** Opening Data supplied block **

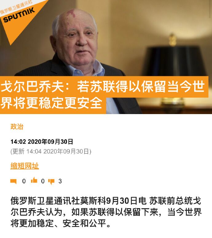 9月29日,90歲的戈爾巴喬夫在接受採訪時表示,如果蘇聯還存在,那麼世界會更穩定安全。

** Closing Data supplied block **
** Opening Data supplied block **

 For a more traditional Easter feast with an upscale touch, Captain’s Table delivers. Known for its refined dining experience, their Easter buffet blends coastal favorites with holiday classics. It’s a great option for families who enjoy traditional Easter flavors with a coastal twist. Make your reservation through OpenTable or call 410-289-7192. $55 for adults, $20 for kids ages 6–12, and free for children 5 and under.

** Closing Data supplied block **
** Opening Data supplied block **

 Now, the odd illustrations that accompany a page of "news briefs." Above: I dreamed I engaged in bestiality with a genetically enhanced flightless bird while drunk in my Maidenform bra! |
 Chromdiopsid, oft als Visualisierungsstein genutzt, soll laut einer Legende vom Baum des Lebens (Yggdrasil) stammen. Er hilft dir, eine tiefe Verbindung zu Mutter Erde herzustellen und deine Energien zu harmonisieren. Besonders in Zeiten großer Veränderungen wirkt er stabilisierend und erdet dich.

** Closing Data supplied block **

> [Description of the task]:
Say how many lines in the entries contain the string "with", and leave out everything else.

> [Reply to the task]:
2